Parties to a construction subcontract disagreed over whether their dispute fit within the scope of the arbitration provision in the subcontract.  Trial court denied a motion to compel arbitration.  Appellate court reversed, holding that the arbitration provision in the Prime Contract flowed down to the dispute under the subcontract even though the project owner was not directly involved in the dispute.  Because the Owner could have to pay more for the change orders in dispute on the subcontract level, the court found the dispute had to be arbitrated. SR Construction, Inc. v Peek Brothers Construction, Inc., 510 P.3d 794 (Nevada 2022).

The MSA includes an arbitration provision:

(a) Contractor and Subcontractor shall not be obligated to resolve disputes arising under this Subcontract by arbitration, unless:

(i) the prime contract has an arbitration requirement; and
(ii) a particular dispute between Contractor and Subcontractor involves issues of fact or law which the Contractor is required to arbitrate under the terms of the prime contract.

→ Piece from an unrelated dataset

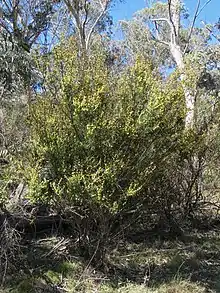 The glabrous shrub typically grows to a height of 2 to 3 metres (6.6 to 9.8 ft) and can sometimes have a procumbent habit.[1] It has smooth to tessellated grey coloured bark and glabrous, terete and resinous branchlets. The rigid, green phyllodes have a very narrowly elliptic to linear-lanceolate shape and are straight to slightly curved. The phyllodes are 1 to 3.5 cm (0.39 to 1.38 in) in length and have a width of 2 to 4 mm (0.079 to 0.157 in) with a prominent midvein and a pungent-pointed apex. The shrub blooms between August and November and produces simple inflorescences that occur singly or in pairs in the axils. The spherical flower-heads have a diameter of 4.5 to 7 mm (0.18 to 0.28 in) and contain 30 to 45 bright yellow or pale yellow to white coloured flowers. After flowering straight and flat, papery seed pods form that are 1.5 to 5 cm (0.59 to 1.97 in) in length and 4 to 7.5 mm (0.16 to 0.30 in). The smooth and glabrous pods have a few fine lateral veins near the margins.[2]
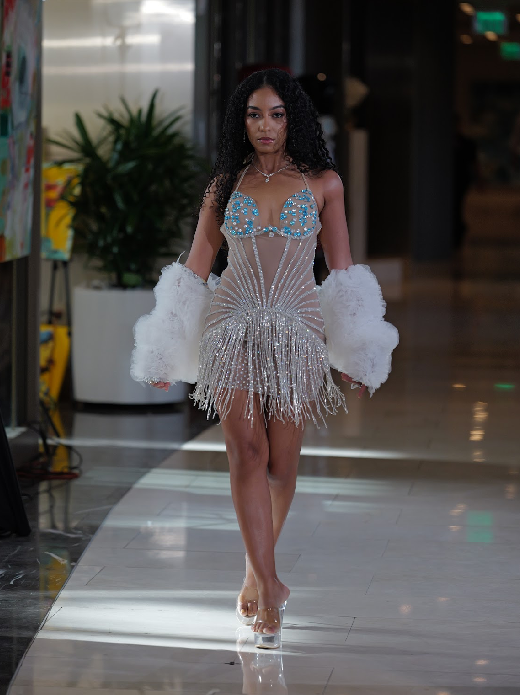 A model wearing a sculpted, body-hugging mini dress with a striking icy color palette. The bodice features vibrant aqua crystal appliqués arranged in a bra-style pattern that immediately draws the eye. Silver beadwork cascades down the torso in sleek, vertical lines that elongate the figure and lead into a shimmering fringe skirt that moves with every step. Soft white fur accents drape around the arms, giving the look a plush, luxurious contrast against the sparkling details. Clear platform heels add height and attitude. The overall vibe is cool, seductive, and high-impact — a frozen fantasy with runway dominance.

The prime contract also includes an arbitration provision, which states as follows:

Arbitration shall be utilized as the method for binding dispute resolution in the Agreement[.] [A]ny Claim subject to, but not resolved by, mediation shall be subject to arbitration which, unless the parties mutually agree otherwise, shall be administered by the American Arbitration Association in accordance with its Construction Industry Arbitration Rules in effect on the date of the Agreement.

The court goes on to state that “A ‘claim’ under the contract is “a demand or assertion by one of the parties seeking, as a matter of right, payment of money, a change in the Contract Time, or other relief with respect to the terms of the Contract… [and] other disputes and matters in question between the Owner and Contractor arising out of or relating to the Contract.” (emphasis added)”

The prime contract further permits PRIME to include subcontractors in arbitration of a claim:

Arbitration, at the Contractor’s election, may include Subcontractors to Contractor that Contractor deems relevant to the matter in dispute and upon Contractor’s request, the Arbitrator shall decide all or a particular portion of a dispute between the Contractor and a Subcontractor and, as Contractor may request, the Arbitrator shall speak to the extent to which the Arbitrators decisions regarding a dispute between Contractor and Owner and the dispute between Contractor and Subcontractor are inter-related.

The underlying contract dispute concerns whether the subcontractor deviated from the means and methods its used to bid the project in elevating the building pad. Changes made by the subcontractor allegedly added $140,000 to the subcontractor’s costs, and it sought to recover those costs through change orders submitted to the Prime Contractor.  The Prime forwarded the change orders to the project owner, but the Owner denied them because it concluded they were not necessary. Owner directed the Prime to initiate dispute resolution with the Sub.  But before that happened, the Sub sued the Prime in court.  The Prime then filed an arbitration demand in which it named the Subcontractor and the Project Owner as defendants.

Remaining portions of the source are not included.